■ Data provided ■
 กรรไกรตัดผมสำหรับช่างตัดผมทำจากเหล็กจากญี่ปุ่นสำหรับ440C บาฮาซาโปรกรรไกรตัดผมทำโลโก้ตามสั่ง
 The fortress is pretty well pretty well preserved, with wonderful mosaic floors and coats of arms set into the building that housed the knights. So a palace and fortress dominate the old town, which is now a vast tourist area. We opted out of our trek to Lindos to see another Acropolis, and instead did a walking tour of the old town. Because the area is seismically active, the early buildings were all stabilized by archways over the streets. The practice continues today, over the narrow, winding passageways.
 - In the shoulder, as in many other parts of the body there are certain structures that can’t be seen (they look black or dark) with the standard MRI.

---

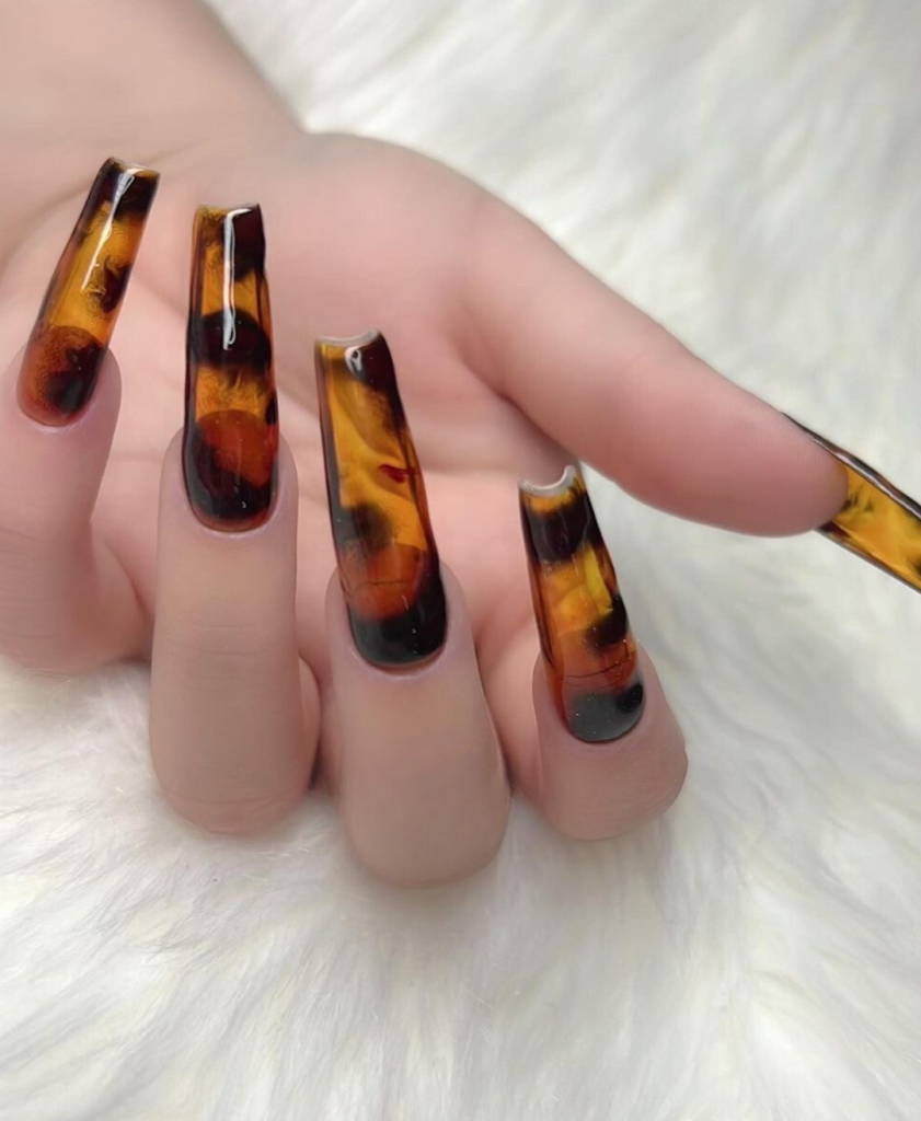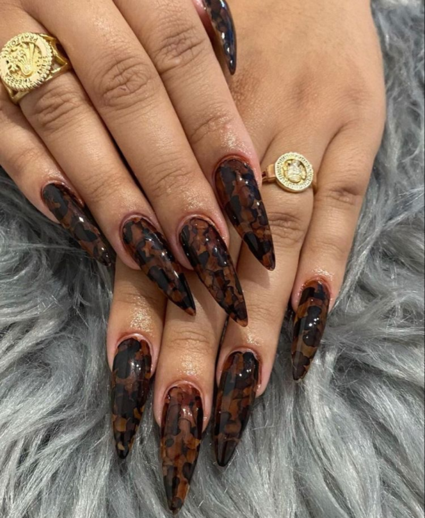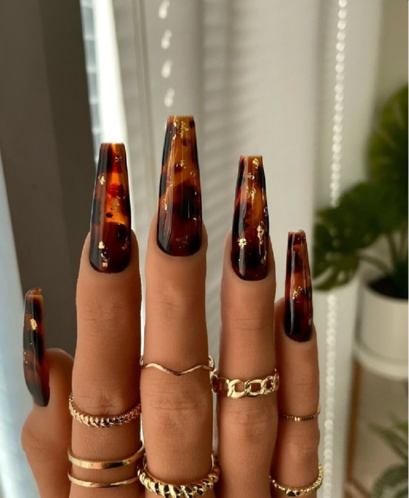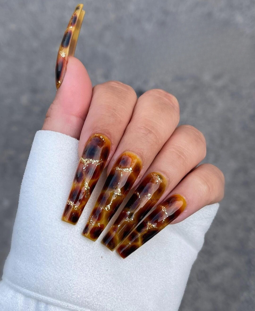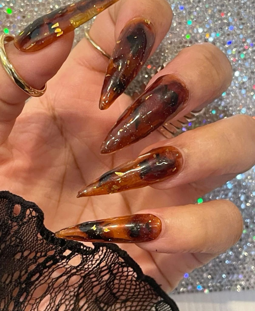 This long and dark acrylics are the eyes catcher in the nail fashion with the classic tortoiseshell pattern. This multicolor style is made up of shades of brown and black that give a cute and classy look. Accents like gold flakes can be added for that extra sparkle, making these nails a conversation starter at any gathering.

■ Task directions ■
Going down the listing above, begin printing at the line with "กรรไกรตัดผมสำห" and finish with the line with "The fortress is", exactly as they appear.

■ Answer to this exercise ■
 กรรไกรตัดผมสำหรับช่างตัดผมทำจากเหล็กจากญี่ปุ่นสำหรับ440C บาฮาซาโปรกรรไกรตัดผมทำโลโก้ตามสั่ง
 The fortress is pretty well pretty well preserved, with wonderful mosaic floors and coats of arms set into the building that housed the knights. So a palace and fortress dominate the old town, which is now a vast tourist area. We opted out of our trek to Lindos to see another Acropolis, and instead did a walking tour of the old town. Because the area is seismically active, the early buildings were all stabilized by archways over the streets. The practice continues today, over the narrow, winding passageways.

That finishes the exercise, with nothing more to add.